Comment by dennysora-main
3 days ago
Recently, I started a personal project to build an LLM from zero.
I've spent a ton of time reading up on math, ML, and DL through books, open courses, and papers, while also studying all the major open-source LLM architectures.
Since I only have one DGX Spark machine to run experiments, I can't train a massive LLM from the get-go. Instead, I'm experimenting with an auto-scaling parameter mechanism, which has led me to create a pretty unconventional and fun architecture!
Why go through all this effort when modern LLMs can basically write simple LLMs themselves, and I clearly can't out-compute the big tech giants?
Honestly, it's because I'm obsessed with the core mechanics of LLMs. I want to build something exclusively for myself and hopefully discover some completely undiscovered mechanisms along the way.
Just keeping a record and sharing my progress—having fun with it is truly the biggest reward!

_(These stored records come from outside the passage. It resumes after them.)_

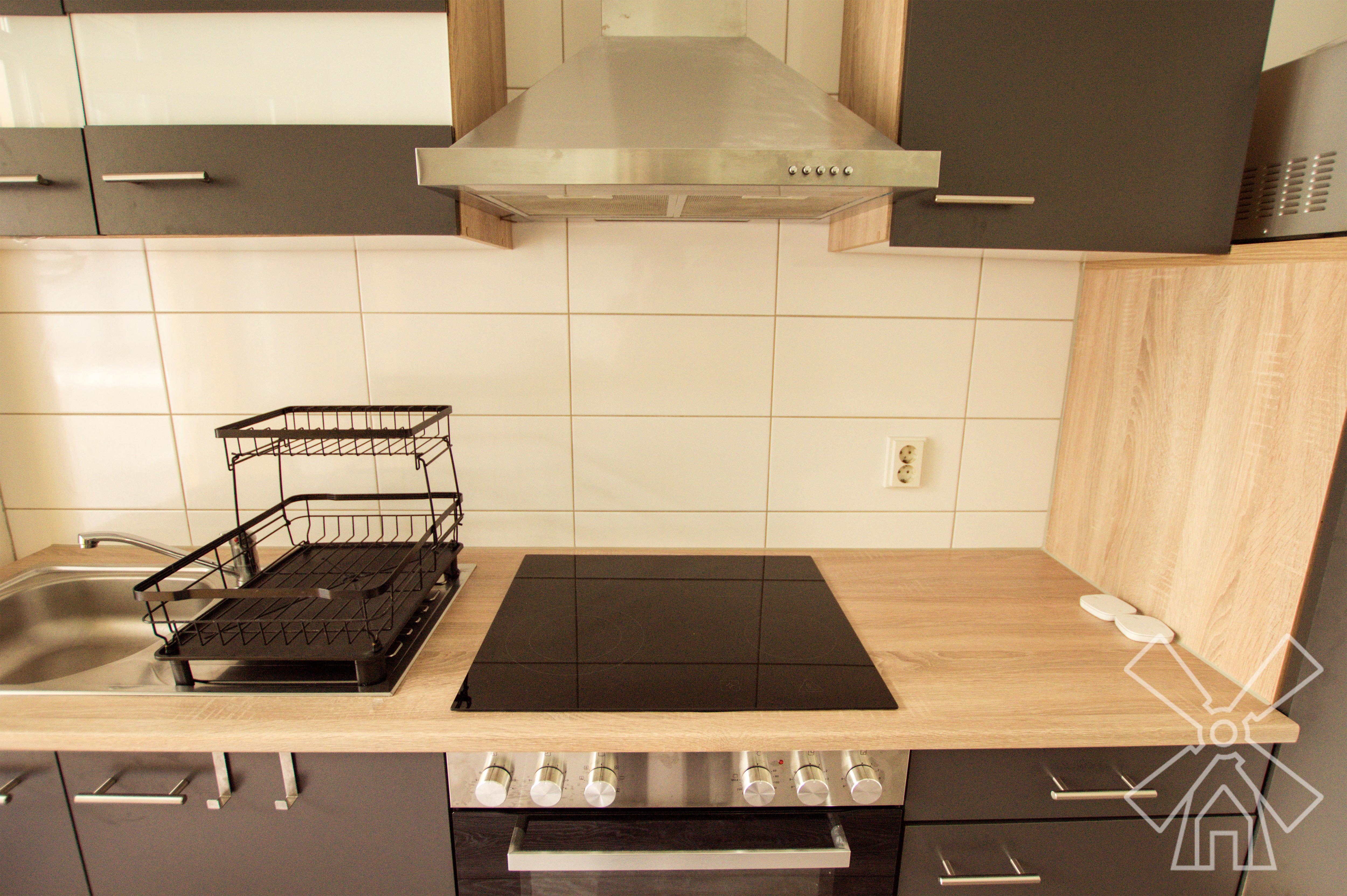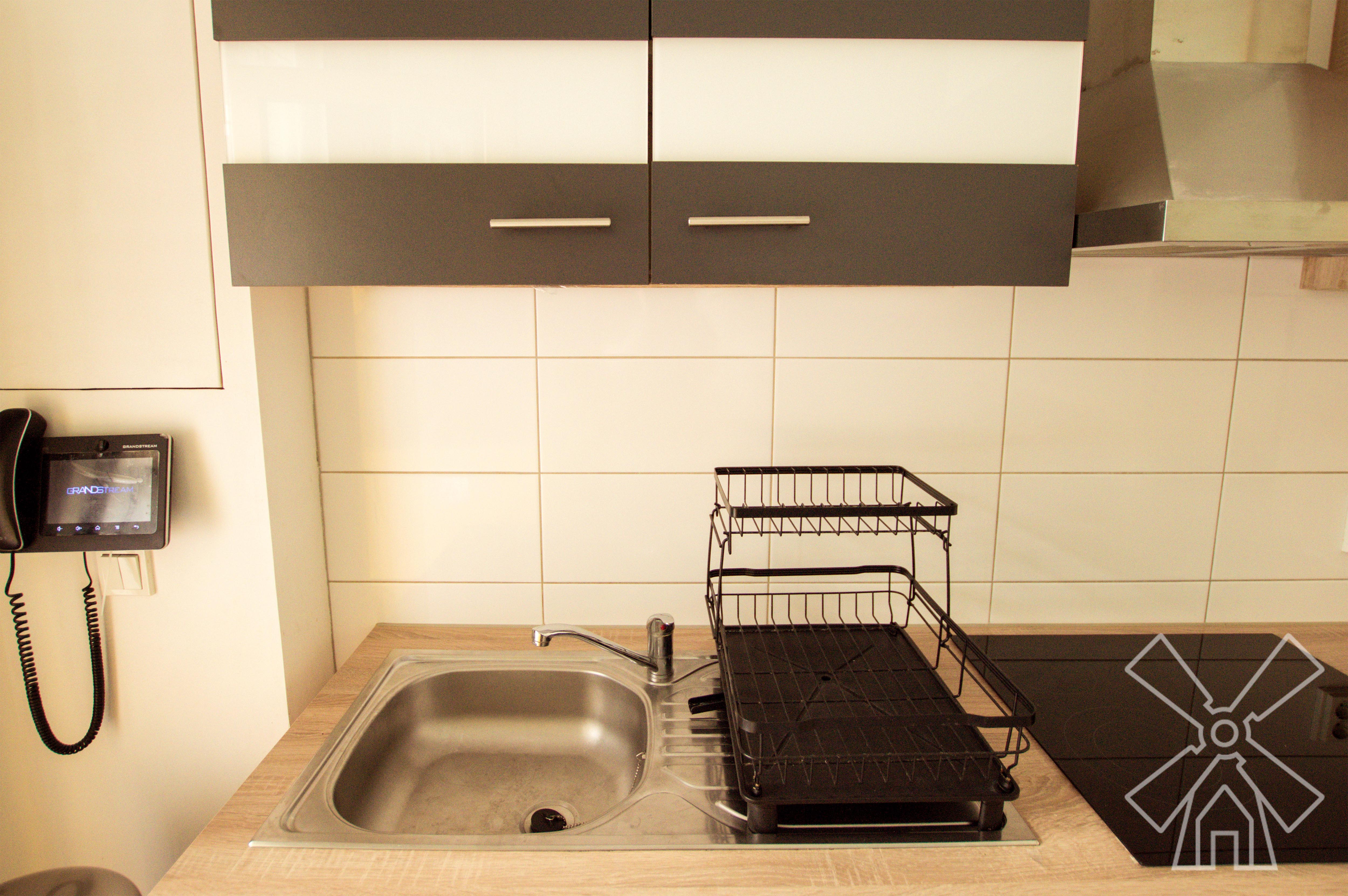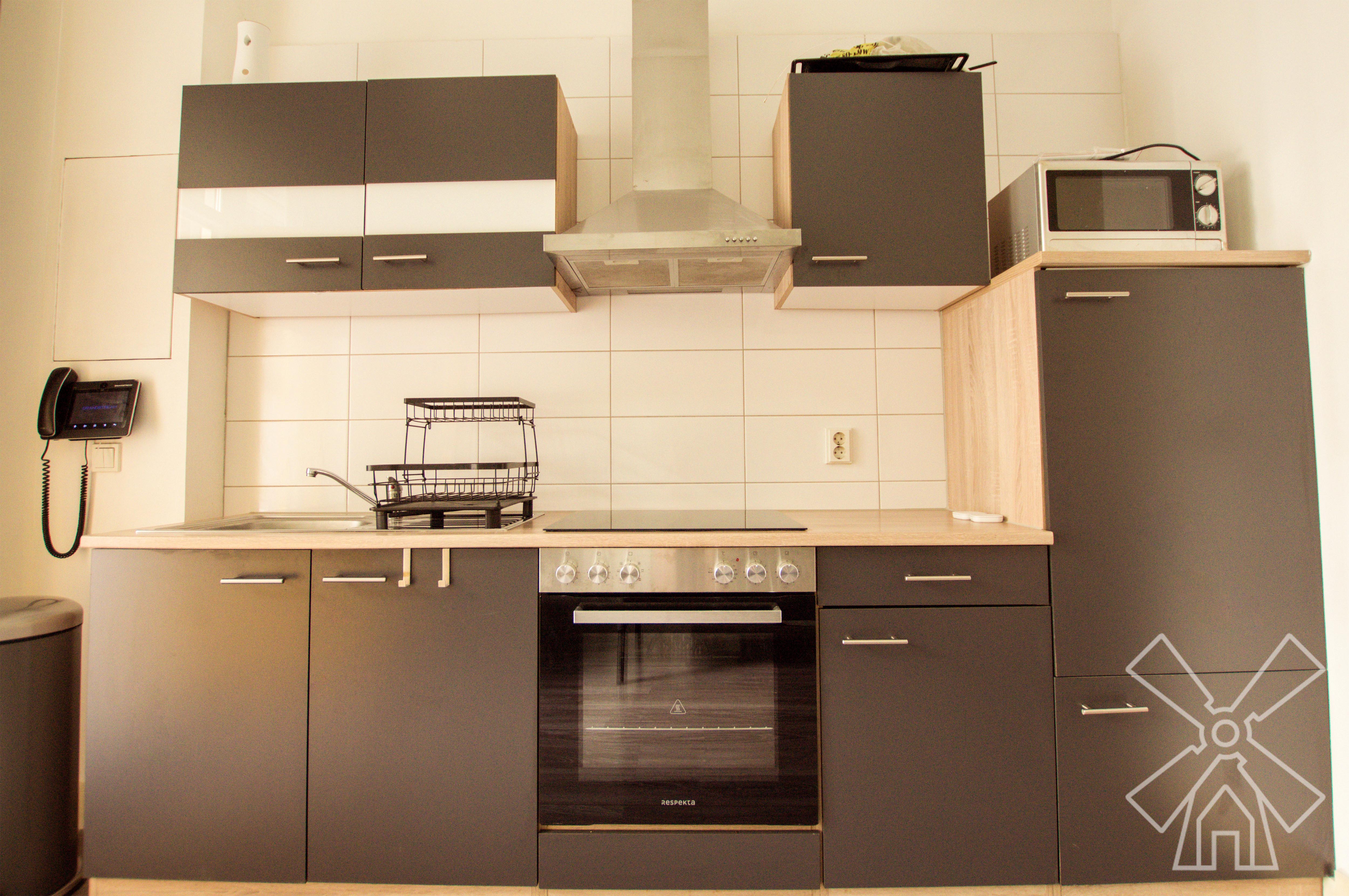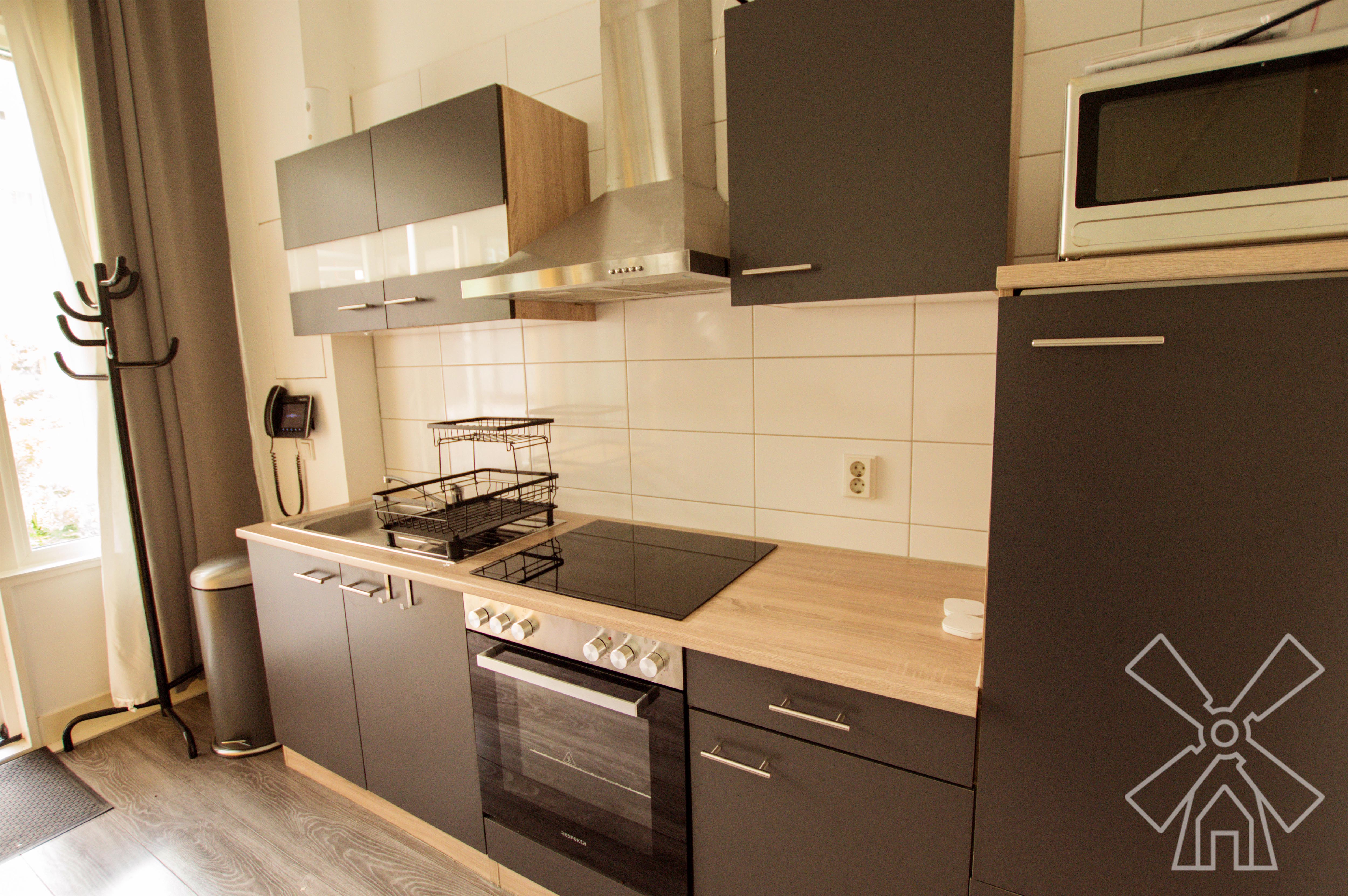This bright and modern studio is the perfect home for 2 international working professionals. The open-plan living area is filled with natural light from large windows, creating a warm and welcoming space. The living area features a comfortable sofa and a TV on a stand, along with a dining table and chairs, making it easy to relax, study, and enjoy meals. The compact kitchenette includes a stovetop, oven, and sleek cabinets, providing everything you need for cooking.
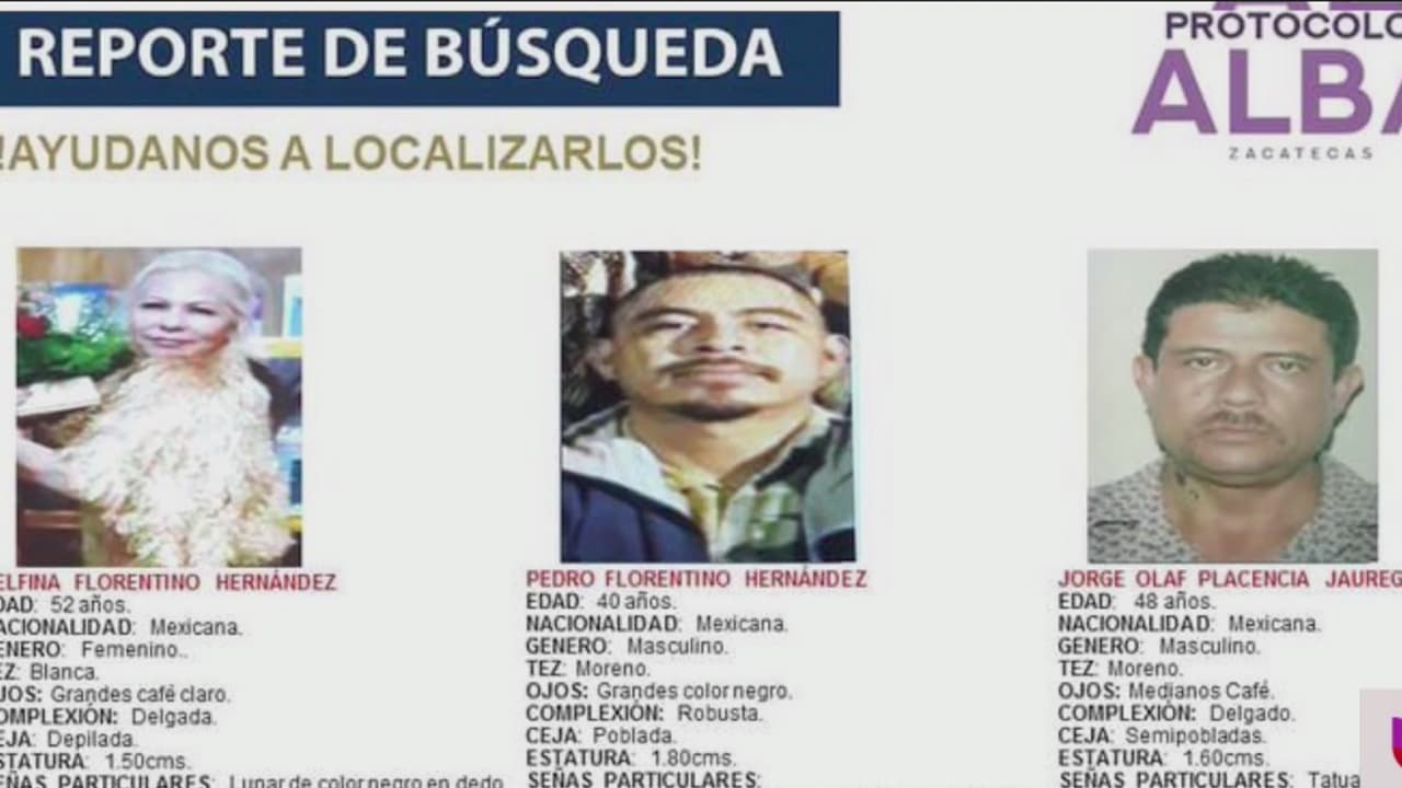 Una publicación de FJEZ en las redes sociales describe a Delfina Florentino Hernández, de 52 años de edad, Pedro Florentino Hernández, de 40 años de edad, y Jorge Olaf Placencia Jáuregui, de 48 años de edad como mexicanos y se encuentran bajo el Protocolo Alba y orden de búsqueda tras su desaparición.
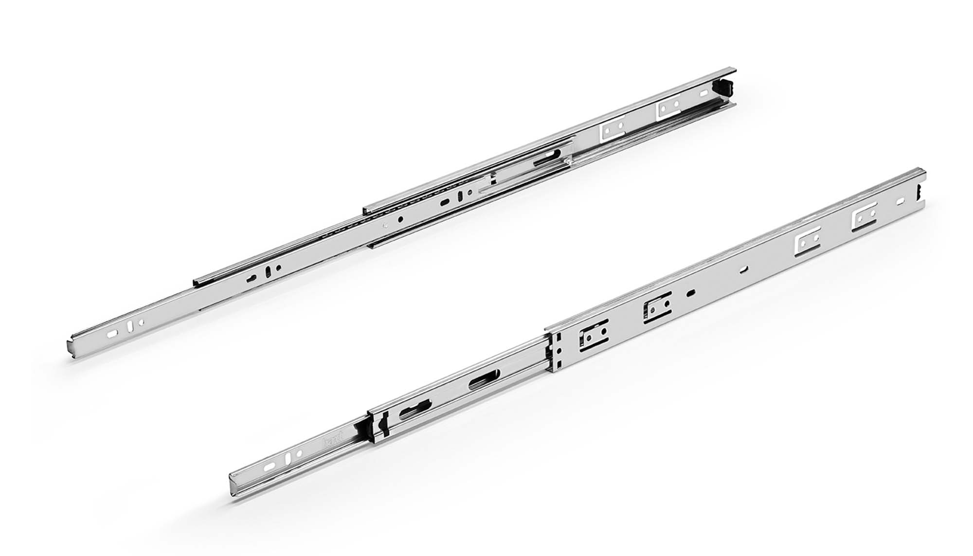 A Corrediça Telescópica H35 da Hardt é a versão “Light” ou estreita das corrediças telescópicas. Ela é a escolha ideal para móveis menores ou onde o espaço de instalação é mais restrito, oferecendo a mesma funcionalidade de abertura total, mas com um perfil mais discreto.
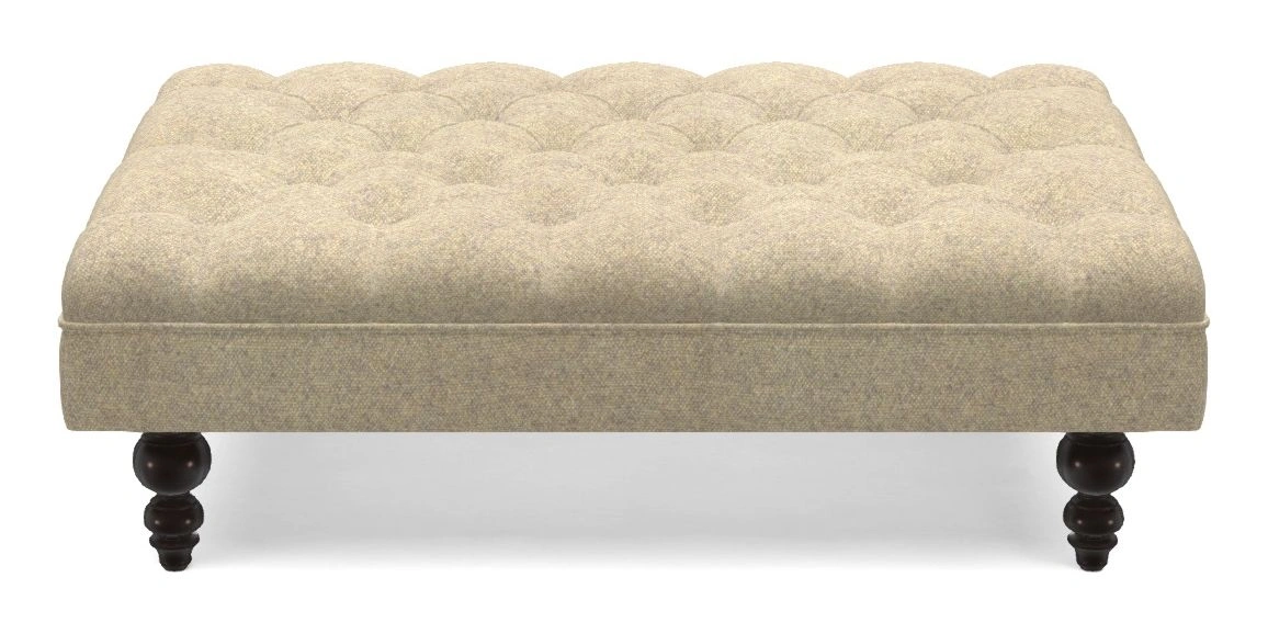 A traditionally styled, large, low rectangular footstool featuring classic buttoning and solid hardwood turned feet.
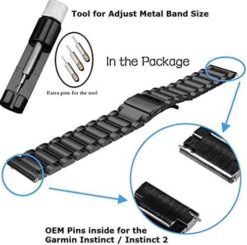 GARTOO Bands for Garmin Instinct/Instinct 2 Solar Watch Bands, Solid Stainless Steel Metal Replacement Wristband Strap Men for Garmin Instinct Tactical/Tide/Esports/Instinct Solar
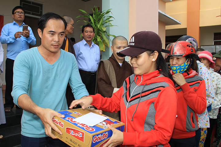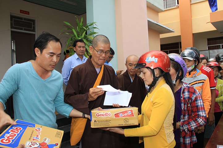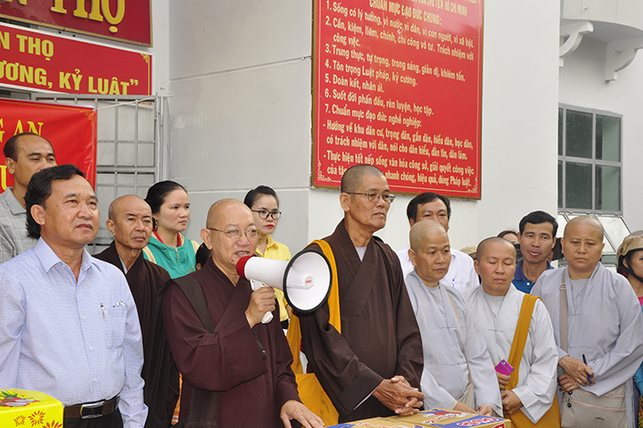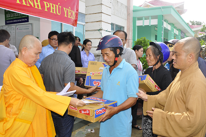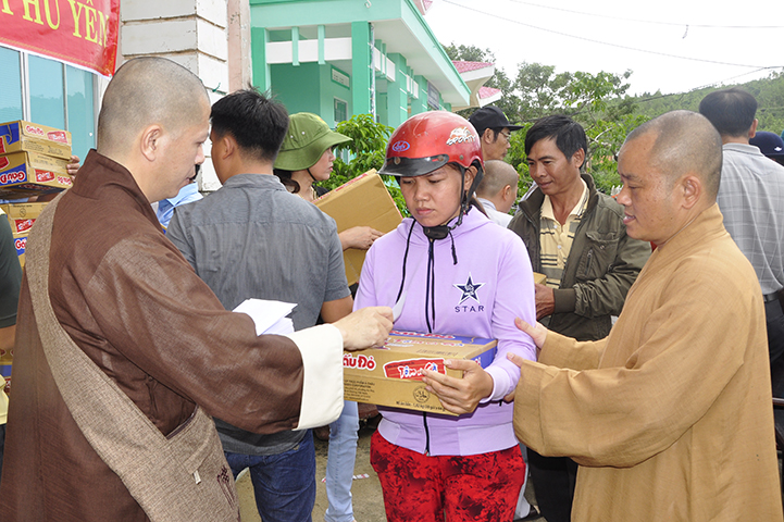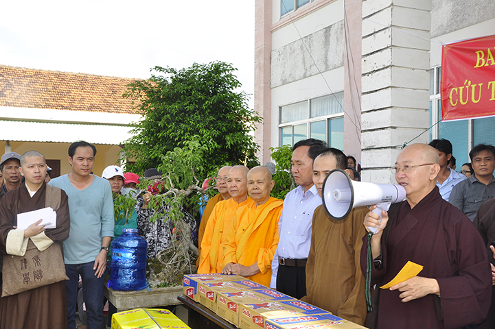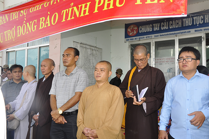 Thay mặt Ban Trị sự GHPGVN tỉnh Phú Yên, ĐĐ. Thích Chúc Phát- Chánh thư ký GHPGVN tỉnh Phú Yên và đại diện Chính Quyền sở tại đã có lời tri ân đến phái đoàn, kính gửi vấn an sức khỏe đến HT. Thích Minh Thiện và chúc chuyến cứu trợ phái đoàn được thành tựu tốt đẹp.

I'll share it when I get a chance!
Do share! I read all the blog posts where people share their experiences of building small scale LLMs "from scratch".
[dead]
Most hobbyists rent the compute for training models instead of needing to purchase it all out right.
It's mainly just my personal preference to run a local machine. It gives me better privacy and security, and I can keep all my heavy data and projects right there.
Cloud rentals are usually billed hourly. Since I constantly tweak the architecture and run it again, having a local rig completely kills any cost anxiety—it's just a one-off payment.
Plus, regular users can't even get access to H100s anyway. I applied on AWS and GCP before and couldn't get them.